Now he saw recognition in the girl's face, and she held her arms out, calling, "Dick! Oh, Dick!"
Too soon, an invader plane was dipping towards them. The grapnel shot out, caught the peak of a nearby roof, and held. A second plane got down its line a few hundred yards away. Dick saw the goggled faces staring down at them, and he saw the uniformed figures emerge from under the planes' bellies, beginning to slide down the taut lines.
His mind was working feverishly fast. Everything came together, the slave turnover, Elaine, the Old Man, all his life at Eagles, Buckhill ... and without any conscious intention, his arm came up with the rifle. The stock fitted itself into his shoulder. Over the bead sight he saw the Old Man's startled face.
He squeezed the trigger, and saw the blocky figure all.
Elaine stood in an attitude of frozen horror for a moment, then turned and ran for the stairway. In a moment, she was gone.
The Old Man, with a spreading bloodstain on the front of his smock, rolled half over on his side, then dropped back and lay still.
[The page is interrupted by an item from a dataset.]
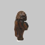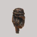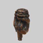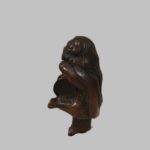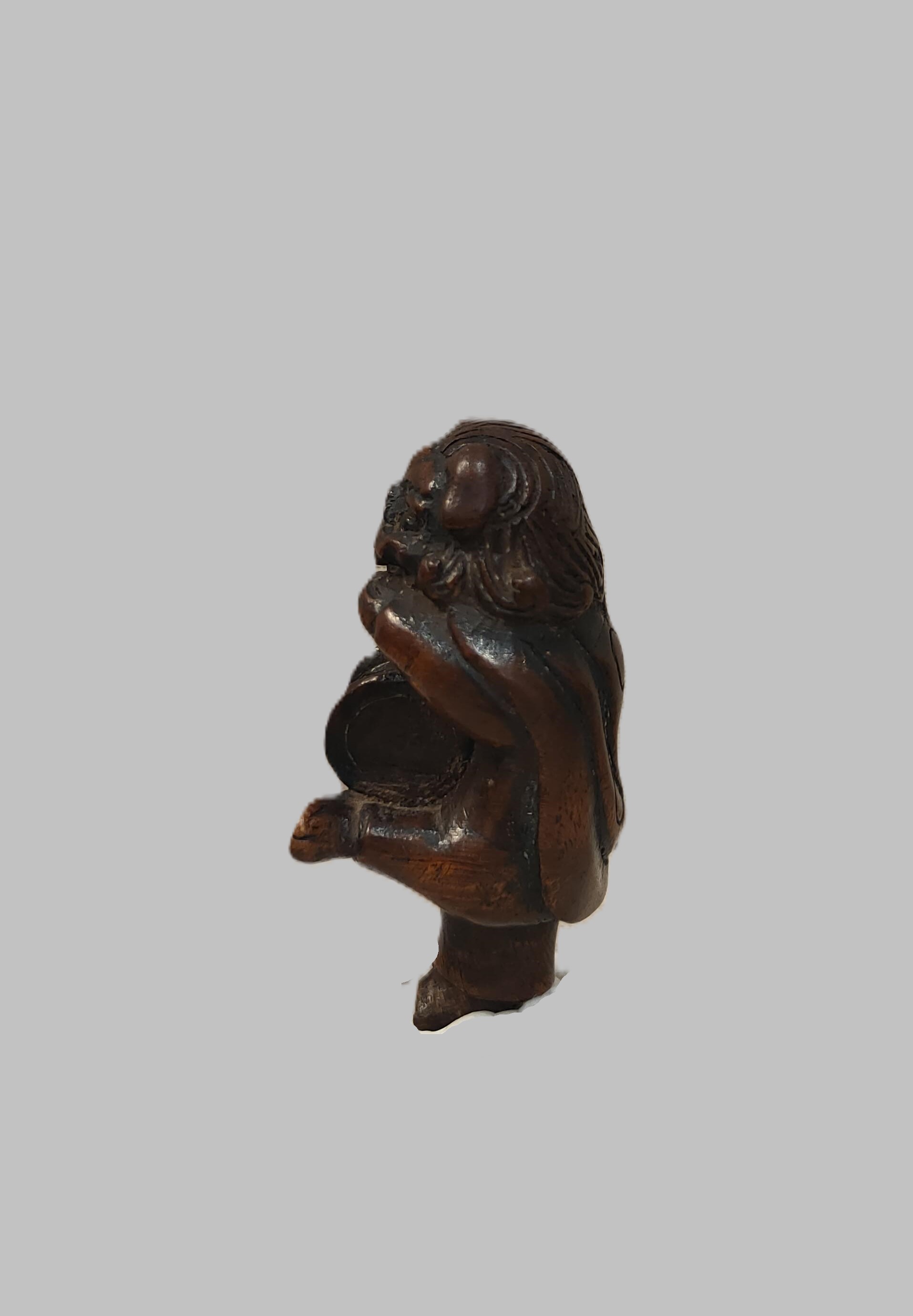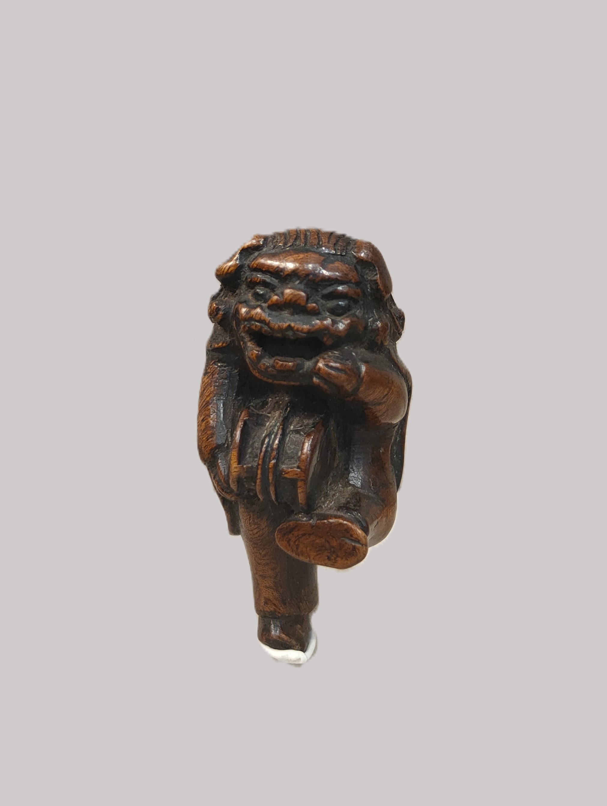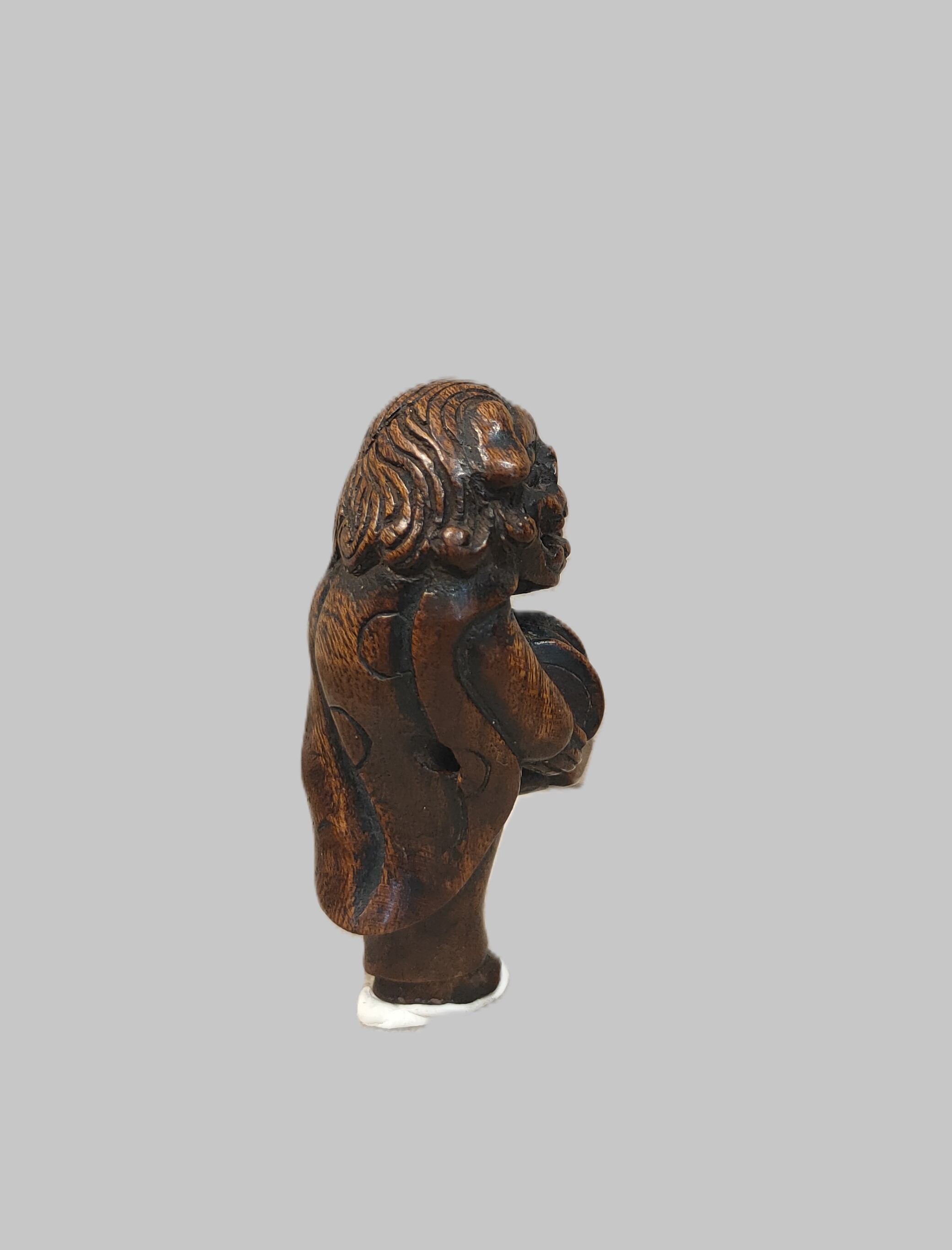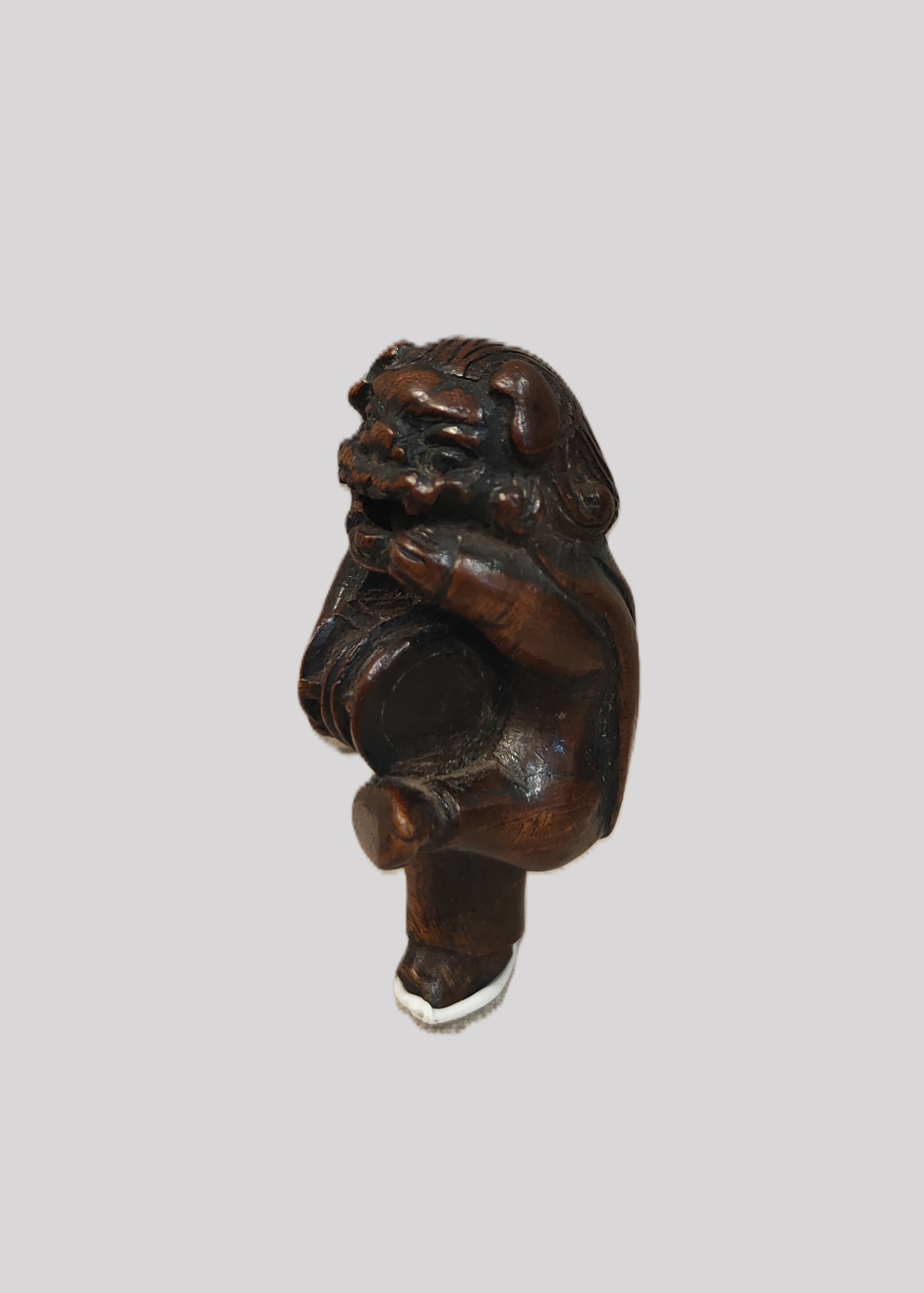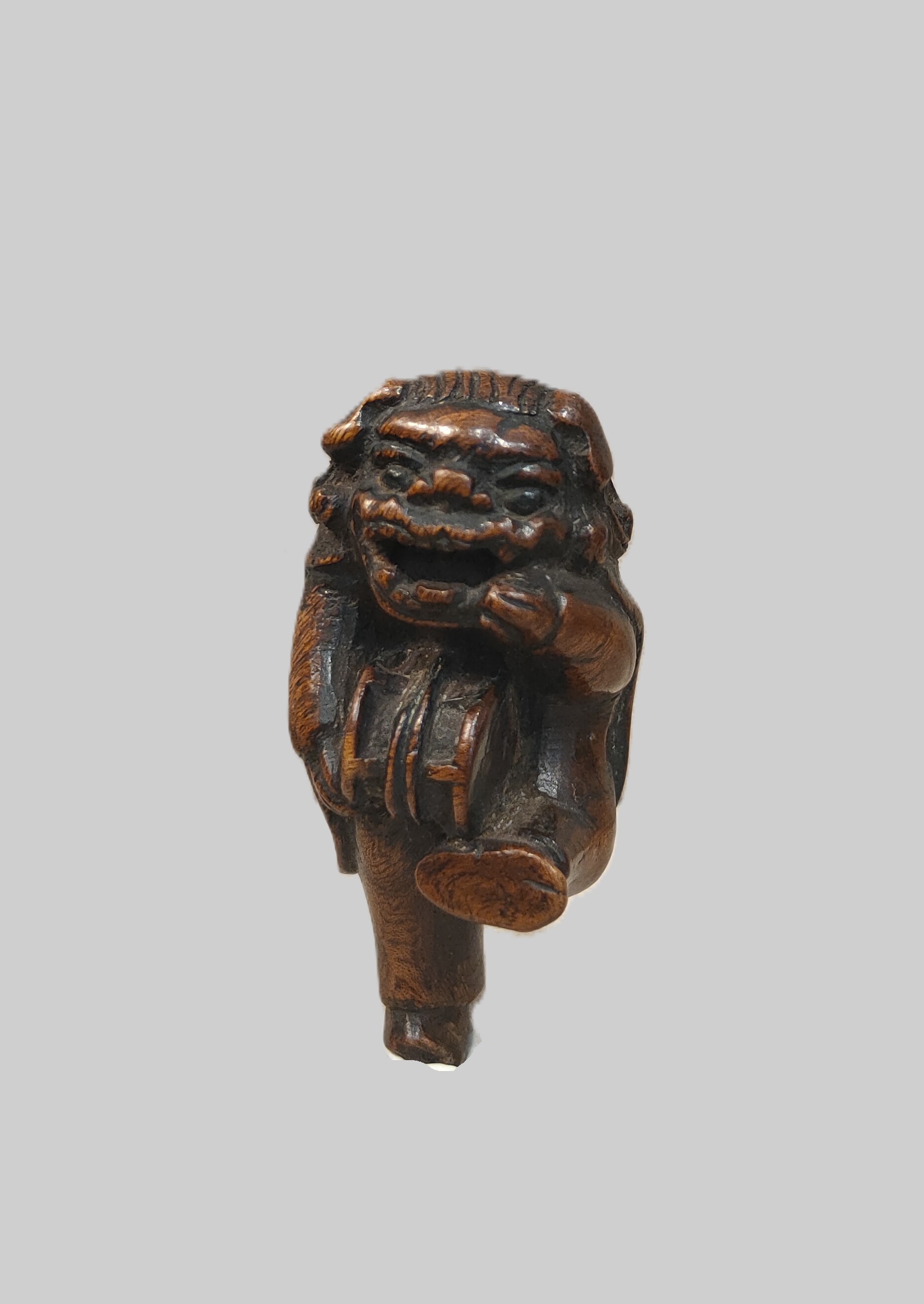 Netsuke en bois sculpté représentant un personnage déguisé pour la danse du Shishimaï tenant dans ses mains un tambour. Hauteur : 6,5 cm. Japon Edo (1603-1868) XIXe siècle

The invaders, disengaging themselves from their droplines, were staring across at him. "Who's that?" called one of them.
"Dick Jones of Buckhill."
They were climbing across to him, cautiously, holding their guns ready. "That's right, I know him," said one. He was a lean youngster, with Puget Sound colors in his shoulder patch; the other one, older, was wearing the Boss of Salt Lake's insignia. "Good thing you shot that slob when you did," he said, climbing over the parapet. He showed Dick his sub-machine gun, grinning tightly with excitement. "I had my finger on the trigger."
A furious gush of white suddenly sprang up in the middle of the field of roofs, tall as a geyser, carrying whirling clouds of fragments with it. The balcony staggered with the shock. "My God, did you see that?" cried the young officer as if unaware of what he was saying.
"Something big must have blown."
"My God, my God," the younger one went on saying, his eyes bright and feverish. Suddenly he swung up his rifle and began firing at some figures that had appeared on a nearby open roof. A few dropped, the rest went out of sight. "There's never been anything like it," said the young man, staring around him with a fascinated and happy expression.
Dick glanced across at the body of the Old Man, lying motionless and somehow smaller than it had been before. He saw the empty stairwell down which Elaine had vanished, and looked out across the smoking field of roofs, almost unrecognizable now: the places where he had followed Keel by moonlight, fought Ruell, made love to Vivian ...
"I don't know if you've heard what happened at Buckhill," the older officer was saying at his ear. He hardly heard the words. "Bad luck -- your family all massacred. Slobs hiding in the woods, but they'll get 'em sooner or later."
"I'll do that myself," said Dick, without turning. He wanted to fix this last sight of Eagles in his memory, just as it was. There was his youth, deep down there, buried in ash and locked under the fallen rooftops. All right, let it lie.
He looked to the east, toward Buckhill. There was no feeling left in him now: but he knew he was a Man at last, and had his work ahead of him.